This post is intended to be a guide for others, I was running a remote debugger for the first time and appreciate feedback on how I could have made this easier!
I’m aware of another post with a tutorial for remote debugging: Elixir Remote Debugging
What has expecially hepled me is comment from @m31271n that contains crucial information not mentioned anywhere else!
I had a weird bug that happens only in production and staging, and only when user session is existing, although this particular API request did not need authentication.
One of GraphQL mutations, when returning a validation error, would return HTTP 500 error instead of the error. Only when session was set (did not happen when signed out or private mode in browser) and only on production and staging (running identical staging and production, yey!).
I figured out that I will try to use the debugger and distribution functionality to see what’s up.
There are quite a lot of resources out there showing how to run Erlang debugging on production, so I was feeling quite assured, but soon I fell into a 12 hour rabbit hole trying to get it right.
So what are the pitfalls?
- Connecting to a remote node via SSH tunnel can fail and I didn’t know why. The
Node.connect :'app@domain.com'
would just return false and that’s it. I tried to follow the instructions carefully but failing more and more again I started wondering about some obvious things I am missing but the tutorials did not find worthwhile to mention - maybe i should run local iex with ENV_MIX=prod? (actually not). In the end:
- I made sure remote app is run with
-name app@domain.com
and not-sname app
- I used a real domain of remote host, so
-name app@realdomain.com
, - but set it to 127.0.0.1 on local machine in /etc/hosts.
- I run a tunnel to forward both epmd and app port, and made a script so I didn’t have to repeat this procedure every time (attached below)
-
After I made the connection, using
:debugger
seemed like a simple 3 step process. However, it did not fire breakpoints at all on remote node (it did on local node though). Again, I started wondering about possible causes of this? Should the BEAM VMs on local and remote host have exact same version (I did upgrade/downgrade them to be same, but that was probably not necessary and did not help)? Do I need to have:int
module also on remote node, even if:int.ni()
documentation tells me that it will instrument a module on all nodes? (yes, I needed the whole :debugger app actually). -
Failing to use debugger, I thought maybe I can use :dbg module. It turned out very cryptic to use, and I could not make it trace my remote node.
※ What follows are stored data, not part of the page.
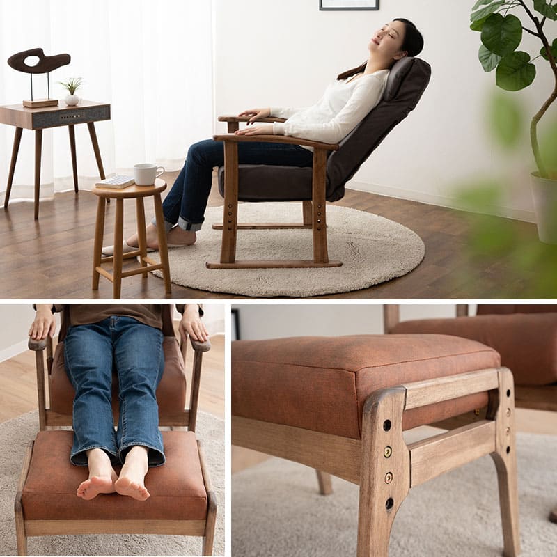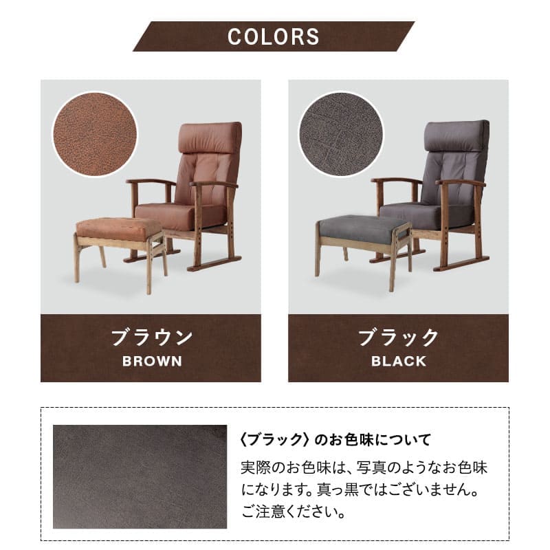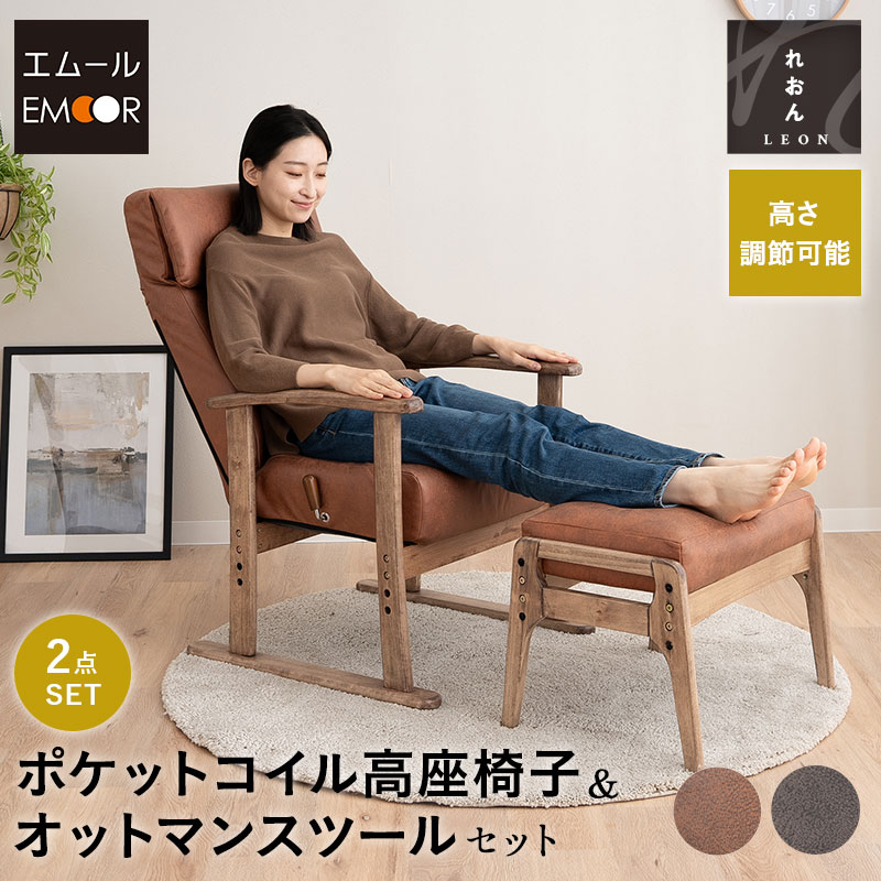 リクライニングチェア 高座椅子 オットマン セット 高さ調節可能 ポケットコイル ファブレザー 肘付き スツール 腰痛 膝痛 むくみ パーソナルチェア 高齢者 椅子 ハイバック コンパクト 軽量 お年寄り 介護 おしゃれ れおん 母の日 父の日 敬老の日 送料無料 エムール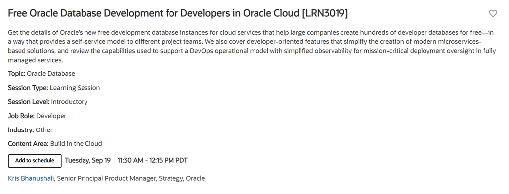 This also means I can plan on catching a full day of awesome content on the first day. Here’s a few keynotes and database sessions that should be on your agenda! I’ve put a link under each one so you can head over to the CloudWorld to register and pre-book your seat, or go straight to my sessions here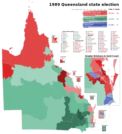 - ↑ Australian Government and Politics Database. "Parliament of Queensland, Assembly election, 2 December 1989". Archived from the original on 18 January 2015. Retrieved 22 February 2009.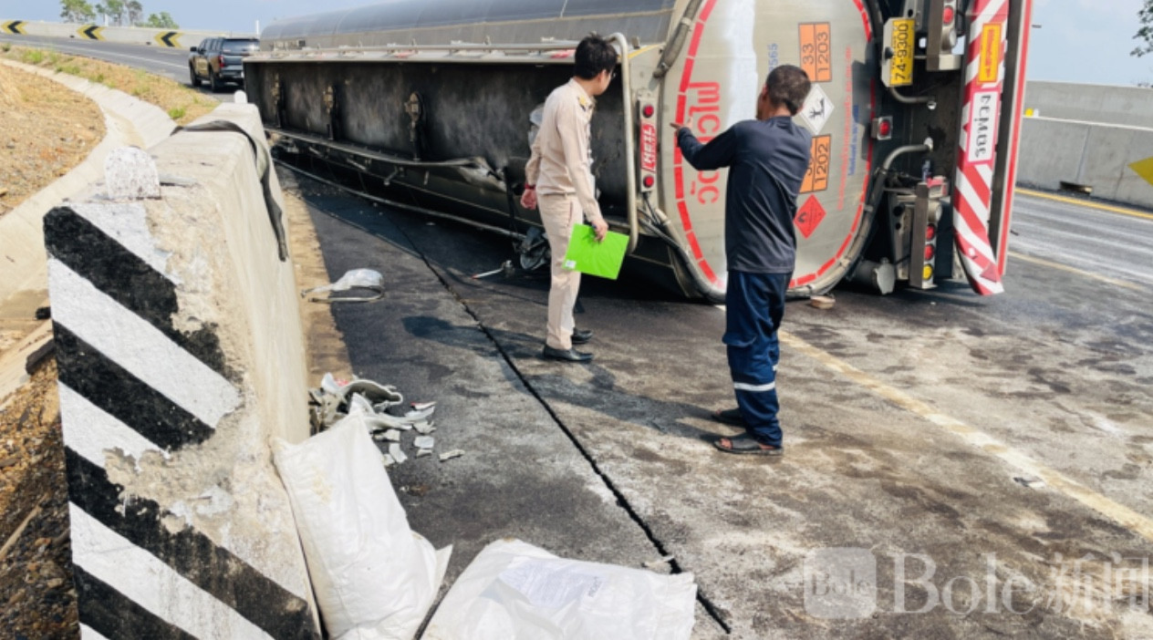 泰国油罐车侧翻:5000升燃油洒满路面,现场紧急封锁!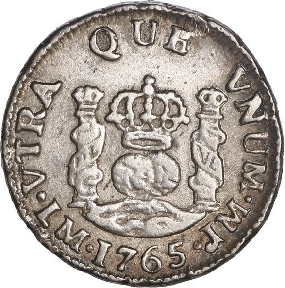 PERU, Lima, pillar ½ real, Charles III, 1765 JM, ex-O'Brien.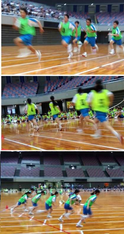 体育大会の開会式とスタートダッシュ・全力疾走の様子です。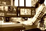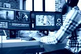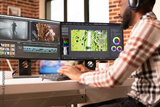 Videographer with headphones edits cinematic content, syncing audio with footage, applying color grading and transitions. Post production coordinator reviewing film montage in home studio with music.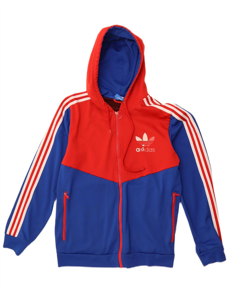 Męski sweter z kapturem i zamkiem błyskawicznym ADIDAS, duży niebieski poliester z blokami kolorów
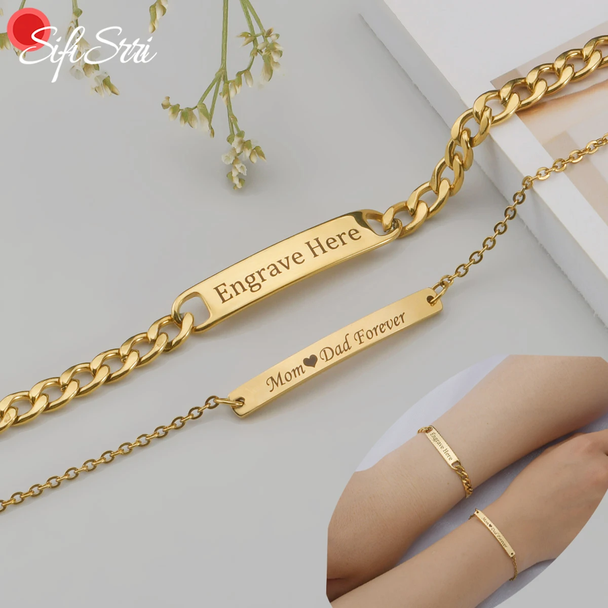 Sifisrri гравировка имени даты двойная искусственная Нержавеющая сталь Регулируемая кубинская цепь для мужчин для женщин ювелирные изделия для помолвки подарок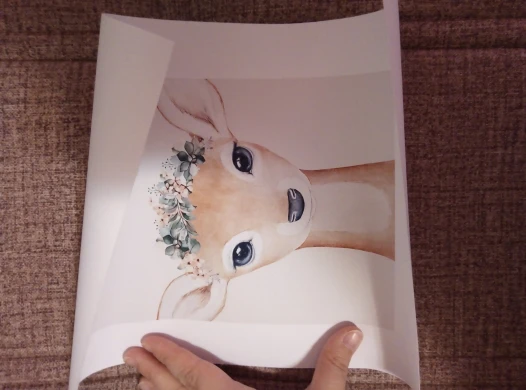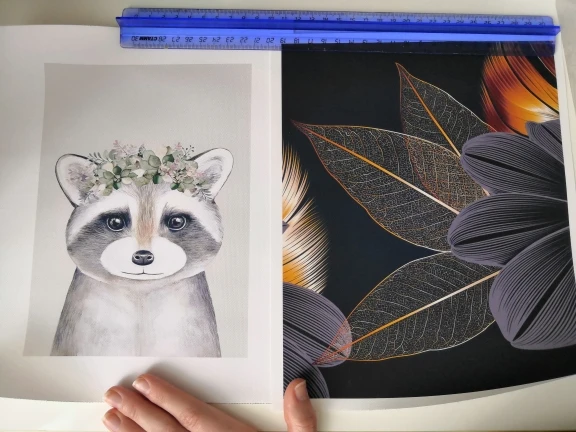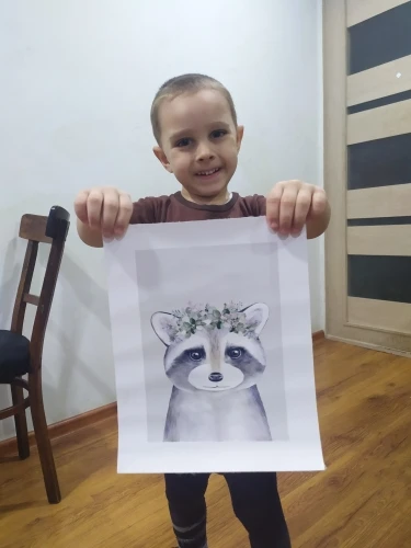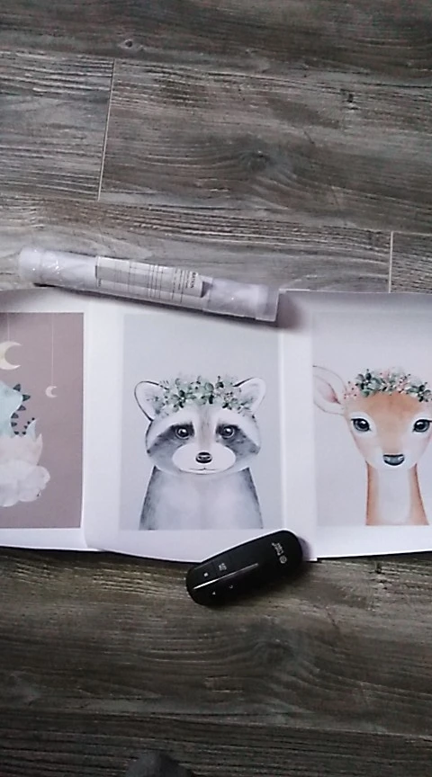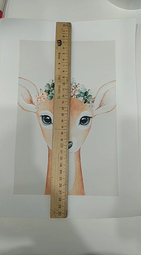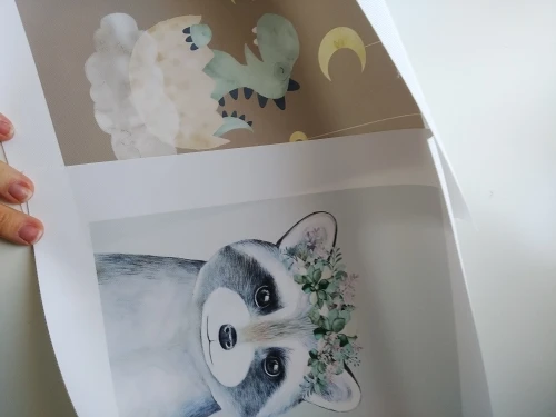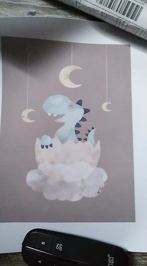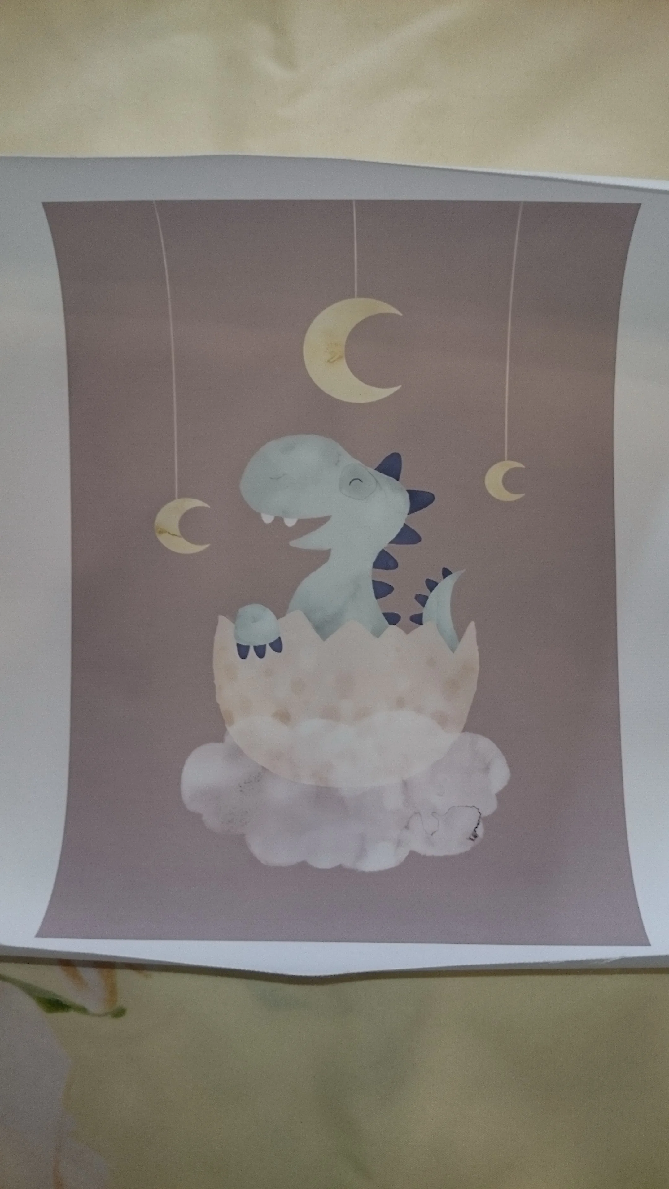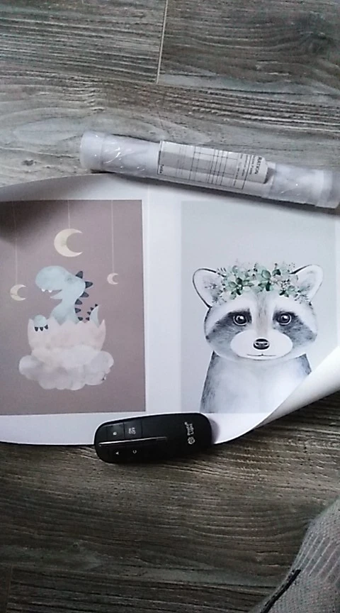 Вышло забавно. Заказывала два постера разными посылками: розовый динозавр и зелёный динозавр. В этом заказе должен был приехать зелёный размером 21*30. Динозавр приехал почему-то с другом-енотом и размером они были поменьше. в ширину те самые 21 см, но с учётом белой кромки, а вот в высоту поменьше, на фото это видно. А вместо розового динозавра приехал оленёнок тоже немного не того формата. Но в сумме я конечно всем довольна. Кстати, постеры ехали в маленьких тубусах.

I found out that there is a GUI app called Erlyberly which makes using tracing simpler, but I could not make it connect to the node - and found an issue that stated connecting over SSH will not work.
-
Finally I tried to use recon, because it is advertised as safe and it DID show traces of remote node, but was way too erlangy for me to use. I tried to use recon_ex package, but it failed to install (conflict between recon version it required, and one required by rabbitmq client library). I gave up.
-
I watched the whole video on tracing by Gabi Zuniga and I would love to try his
tracer
library, but I didn’t. Instead I figured out that I need to add debugging symbols to my remote node. -
Adding debugging symbols to remote node (I use releases mechanism to deploy) is not easy. It is not easy because of all the different information out there:
- Some tell to run
mix compile.elixir --debug-info
. In my scripts i only hadmix compile
, so I addedmix compile --debug-info
. Did not work. - I tried also to put
mix compile.elixir --debug-info
AFTERmix compile
, as a workaround. I did not want to splitmix compile
into 6 or so commands it runs. And it did not work. - Then I found out it is possible to add
build_info: true
option toelixirc_options:
key inmix.exs
underproject
key list. It wasn’t easy because the resources just say: “add this to mix.exs”, but do not say where to add it. Finally I figured it out - they need to be added to project key-list, along:app
,:version
and so on. Having done that, I discovered it does create bigger beam files with debug info, but did not work on remote node - my beam files seemed stripped. - By the way - how to tell that debug info is in the module? Run
ModuleFoo.module_info
and see if:compile
key value is not an empty list. - Only then I found the comment by @m31271n whom I owe beers
:
- Add
strip_beams: false
(again, where to??) - but this I figured - in mix.exs, underproject
function, under keys:release
, then:appname
, next tosteps: [:assemble, :tar]
. - Add
:debugger
to:extra_applications
list.
- Add
- The debugger worked! I could break and attach to processes, and step, and see variables. This was awesome although a bit hard anyway:
- my laptop fans started flying away - no idea why running the debugger and not the app generated such a workload.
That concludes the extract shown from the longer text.